SOURCE MATERIAL:
● ● ●

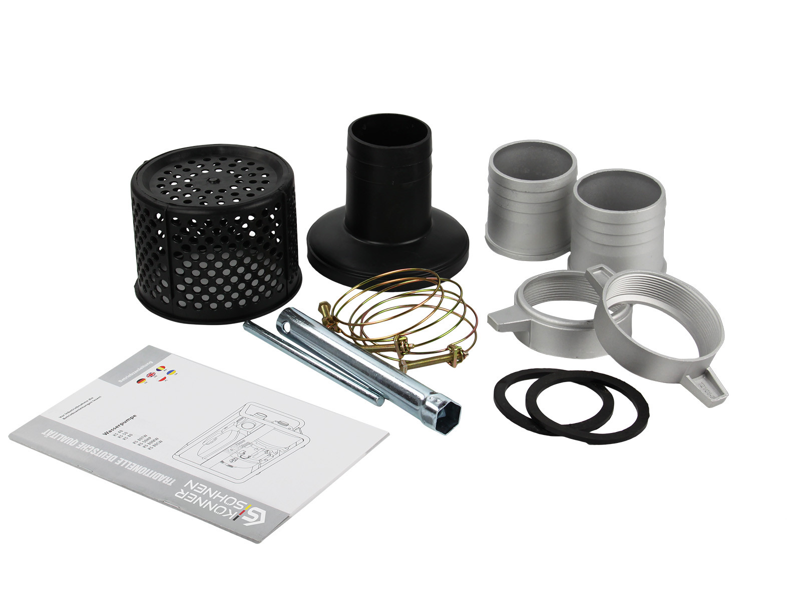 Les motopompes sont équipées d?accessoires supplémentaires: filtre à eau, jeu de raccords de tuyauterie, clé à bougie, jeu de raccordement d?un tuyau.
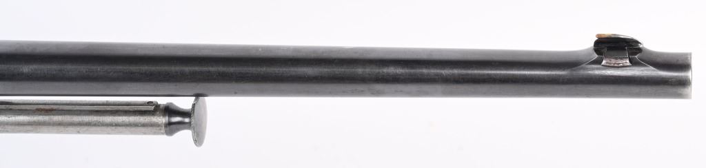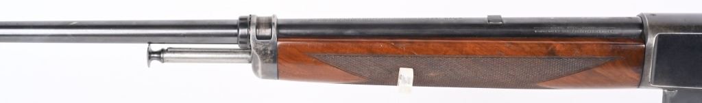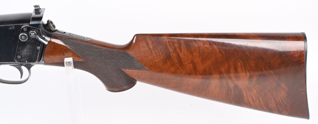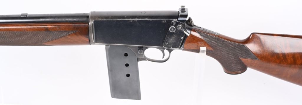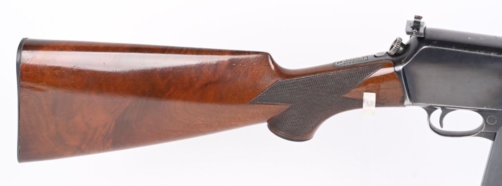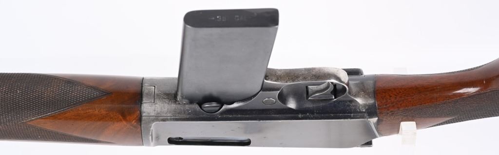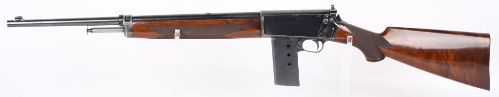 SERIAL NUMBER 9914 BARREL 20" CALIBER 351 SELF LOADING MANUFACTURED 1907. Produced by Winchester as the first truly successful big bore semi-automatic rifle. Used by police agencies and even purchased by foreign military units during WW1. Deluxe versions are rarely encountered. High polished blue finish with highly figured deluxe American walnut with a piano varnished finish checkered in the "H" pattern at forearm and pistol grip. 10 round extended factory magazine and factory fitted with the Lyman side sight. Previous owner at some time had a custom steel butt plate made that is relief engraved of the American Big Horn sheep. Rifle also has the original gutta percha Winchester butt plate. CONDITION. Very fine with over 95% of the high polish blue remaining. The bore is excellent bright and sharp. The deluxe finished stocks are very fine with some very minor period of use impressions and bruises. The action operates properly. C&R
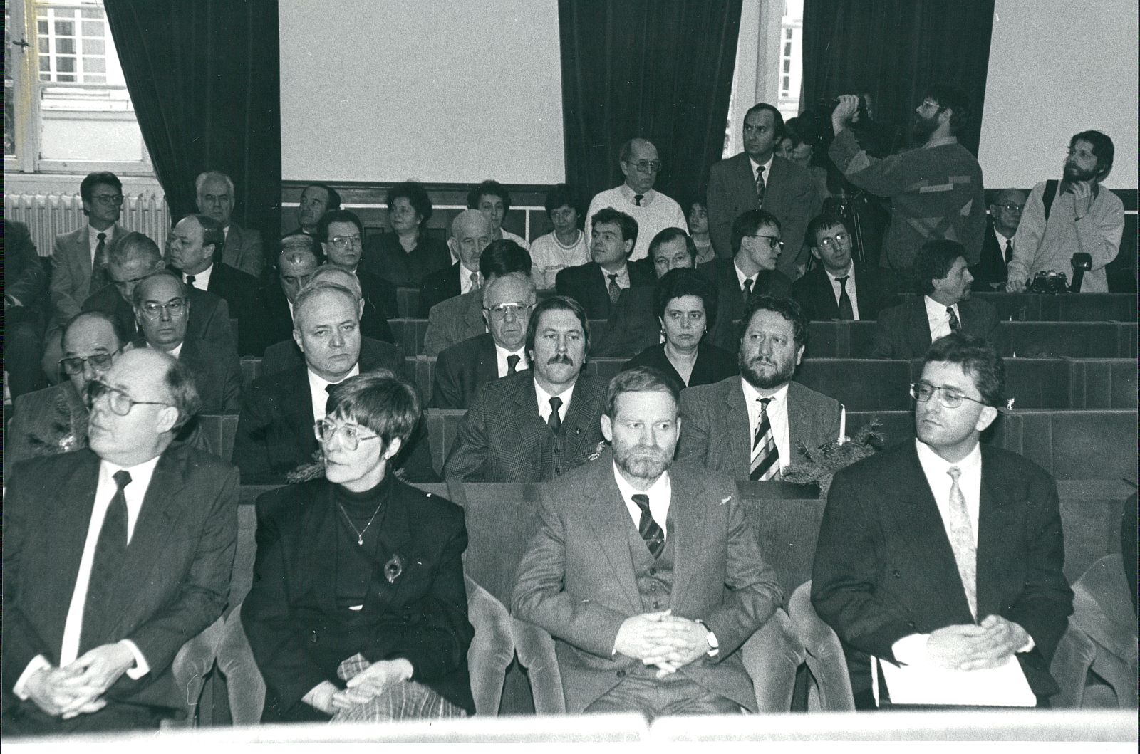 Horváth Istvánné az egykori Közgyűlés alakuló ülésén a Városháza Dísztermében.
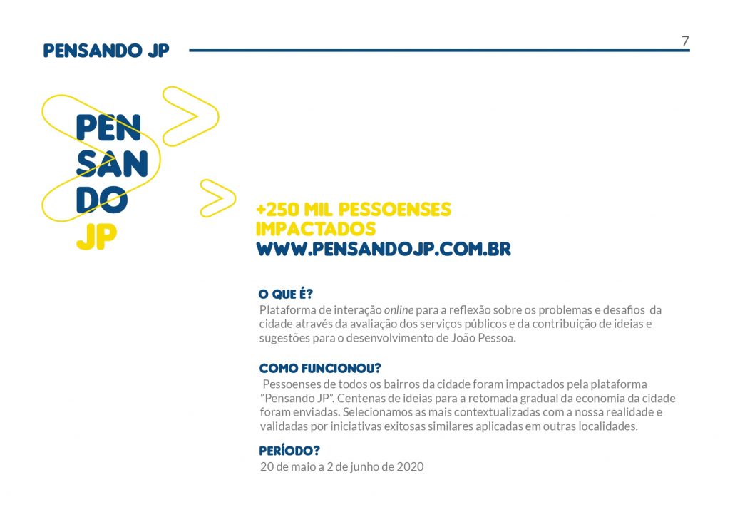 As sugestões foram enviadas através do Pensando JP (www.pensandojp.com.br), uma plataforma digital lançada por ele como um mecanismo de diálogo a fim de provocar os cidadãos, em seguida serão compiladas em um documento único que será encaminhado aos comitês de gestão de crise da Prefeitura Municipal e do Governo do Estado.

● ● ●

WHAT IS BEING ASKED:
Skip the pictures and copy exactly the lines from the one containing "Horváth Istvánné az" through the end of the material, both ends included.

OUTPUT OF THE TASK:
 Horváth Istvánné az egykori Közgyűlés alakuló ülésén a Városháza Dísztermében.
 As sugestões foram enviadas através do Pensando JP (www.pensandojp.com.br), uma plataforma digital lançada por ele como um mecanismo de diálogo a fim de provocar os cidadãos, em seguida serão compiladas em um documento único que será encaminhado aos comitês de gestão de crise da Prefeitura Municipal e do Governo do Estado.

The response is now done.